• **PROVIDED RECORDS**:

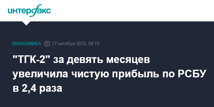 Москва. 27 октября. INTERFAX.RU - ПАО "ТГК-2" в январе-сентябре 2023 года получило 1 млрд 116,7 млн рублей чистой прибыли по РСБУ, что в 2,4 раза больше, чем за аналогичный период прошлого года, говорится в отчете компании.
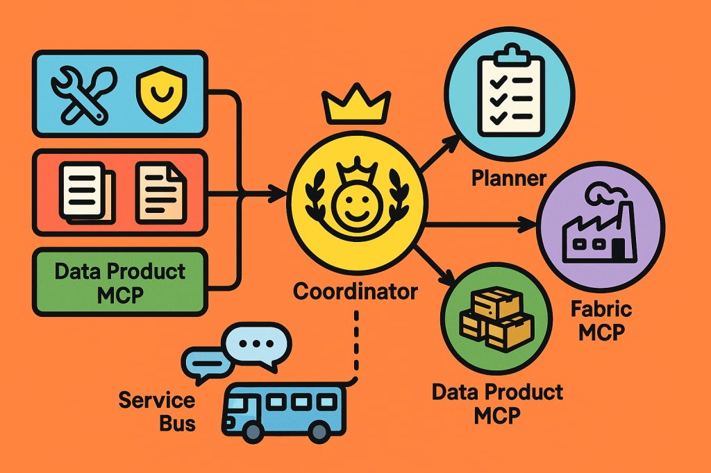 You operate multiple MCP servers with clear responsibilities: Coordinator, Planner, and Data Product Connector. You also integrate Microsoft’s open-source Fabric MCP server to work with Microsoft Fabric APIs and best practices.
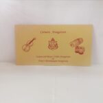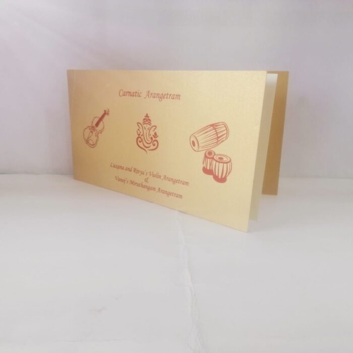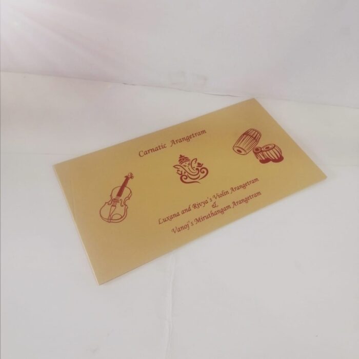 Gold invitation is one of our elegant designs.This invitation card is made out of Maroon textured paperboard with matching mailing envelope.Card has a ink print design. (Please note, this logo can be changed to any symbol or couple initial as per your preference). Please choose one of the colour from our colours pallet (please check the image) for envelopes. 120gsm shimmer paper. The card has inserts pasted in the middle of the card with coordinated printed designs.
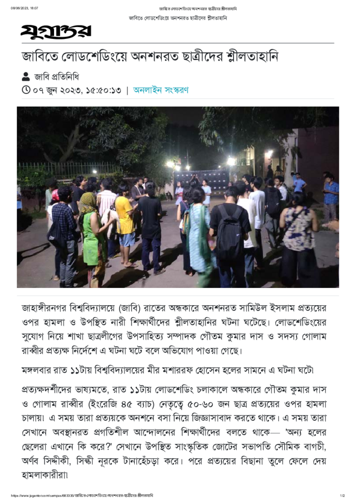 জাবিতে লোডশেডিংয়ে অনশনরত ছাত্রীদের শ্লীলতাহানি
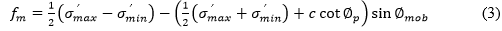 Мобилизованный угол дилатации определяется функцией от мобилизованного угла трения

• **YOUR OBJECTIVE**: Write out exactly the lines that run from the top of the listing above to the line containing "You operate multiple", both ends included. Omit every picture.

• **ANSWER BOX**:
 Москва. 27 октября. INTERFAX.RU - ПАО "ТГК-2" в январе-сентябре 2023 года получило 1 млрд 116,7 млн рублей чистой прибыли по РСБУ, что в 2,4 раза больше, чем за аналогичный период прошлого года, говорится в отчете компании.
 You operate multiple MCP servers with clear responsibilities: Coordinator, Planner, and Data Product Connector. You also integrate Microsoft’s open-source Fabric MCP server to work with Microsoft Fabric APIs and best practices.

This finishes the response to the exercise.